If you can just do the biology faster and cheaper, that’s a huge benefit. It may not be as intellectually exciting as coming up with a great new method of predicting a protein structure, but from a return-on-investment viewpoint, it’s actually much easier to justify.
When you put together the AIMS at Biogen, how much did you draw from your existing LIMS?
We basically had to build everything from scratch. We had to put much more of the basic data collection and data management infrastructure in place than we anticipated. We’re pretty good now at data collection, data management, and data representation, but the next problem is high-level pattern identification. You have all the data in your database, you have all the information from the animal models available to your scientists to allow them to go in and browse those databases and confirm or reject their hypotheses. That’s a nice capability to have, but what they’re really interested in is finding unexpected patterns — the answers to questions we haven’t even asked yet. I don’t know what the answer is to that yet.
Because you’re dealing with more heterogeneous types of data?
That’s exactly the problem. I guess the best we can hope for is to come up with ways to spot possible correlations without being as precise. It’s like brainstorming — to just throw out ideas and you can look at them and say, ‘No, that really looks stupid.’ But at the same time it may come up with something that really looks interesting.
There’s also the shift to new opportunities in the informatics community for technologies like knowledge mining approaches. It’s interesting; the ISMB meetings started out originally as a forum for the AI community, but over the years turned into very run-of-the-mill bioinformatics meetings. Just over the last couple of meetings it started getting back to where it started to talk about intelligence again. So I think we’re seeing a real shift in focus back to more intelligent ways of interpreting data.
What types of technologies have you put in place for interpreting this data?

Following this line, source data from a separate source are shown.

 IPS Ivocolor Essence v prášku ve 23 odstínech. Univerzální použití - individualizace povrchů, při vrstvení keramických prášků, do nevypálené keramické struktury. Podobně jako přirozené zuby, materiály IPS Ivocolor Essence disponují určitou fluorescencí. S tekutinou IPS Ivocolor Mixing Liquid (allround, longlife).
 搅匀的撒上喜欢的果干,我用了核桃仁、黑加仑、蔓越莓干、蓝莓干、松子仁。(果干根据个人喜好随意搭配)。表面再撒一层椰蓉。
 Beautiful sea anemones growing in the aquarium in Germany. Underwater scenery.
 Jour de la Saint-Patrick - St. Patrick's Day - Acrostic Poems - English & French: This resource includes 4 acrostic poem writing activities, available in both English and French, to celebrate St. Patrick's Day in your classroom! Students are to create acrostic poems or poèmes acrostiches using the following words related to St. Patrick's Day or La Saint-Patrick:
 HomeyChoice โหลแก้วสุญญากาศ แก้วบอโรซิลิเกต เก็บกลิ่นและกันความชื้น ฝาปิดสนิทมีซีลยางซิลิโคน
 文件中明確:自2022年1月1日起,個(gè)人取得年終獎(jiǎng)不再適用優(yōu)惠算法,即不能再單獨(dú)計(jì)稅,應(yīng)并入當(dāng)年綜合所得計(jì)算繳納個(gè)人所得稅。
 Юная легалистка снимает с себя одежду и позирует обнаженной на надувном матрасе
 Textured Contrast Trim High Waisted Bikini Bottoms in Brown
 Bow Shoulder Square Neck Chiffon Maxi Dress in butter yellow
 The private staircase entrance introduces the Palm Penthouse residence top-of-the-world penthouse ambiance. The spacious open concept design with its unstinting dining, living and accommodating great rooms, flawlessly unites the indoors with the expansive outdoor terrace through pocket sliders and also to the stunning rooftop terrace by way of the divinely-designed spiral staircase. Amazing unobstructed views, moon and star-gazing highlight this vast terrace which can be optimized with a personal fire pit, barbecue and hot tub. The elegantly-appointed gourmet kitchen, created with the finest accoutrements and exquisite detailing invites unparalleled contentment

I don’t think we’ve seen anything yet, and we certainly haven’t had the ability to develop anything that goes beyond tools that support scientists in evaluating their hypotheses. I conceptually differentiate here between technologies that help scientists support a particular hypothesis — so you have an idea and you go in a database and browse it using visualization tools and search engines. Opposed to that you have technologies that are more independent — the database analyzes itself to come up with ideas. I think maybe it’s still a pipe dream, but we haven’t seen much that’s useful in that respect.
Do you find ideas like this more in the bioinformatics community or the AI community?
I suppose more in the AI community. There are some companies popping up trying to work in that direction, but nobody I can point to yet beyond the vaporware stage.
Isn’t there the argument that companies working in this area don’t understand the problems in biology?
That’s true in a sense. Companies in that area have focused more on helping the CIA identify spies or terrorists, but some of these technologies could really be applied to the analysis of biological networks. Basically, there are particular interactions going on, but you can’t observe the interactions directly. You can only see the effects of those interactions. Of course, people in the intelligence community have been trying to solve that problem for a long time, so I would expect that over the next few years, as we put more resources into finding terrorists, there might be some benefit for the biological community as well.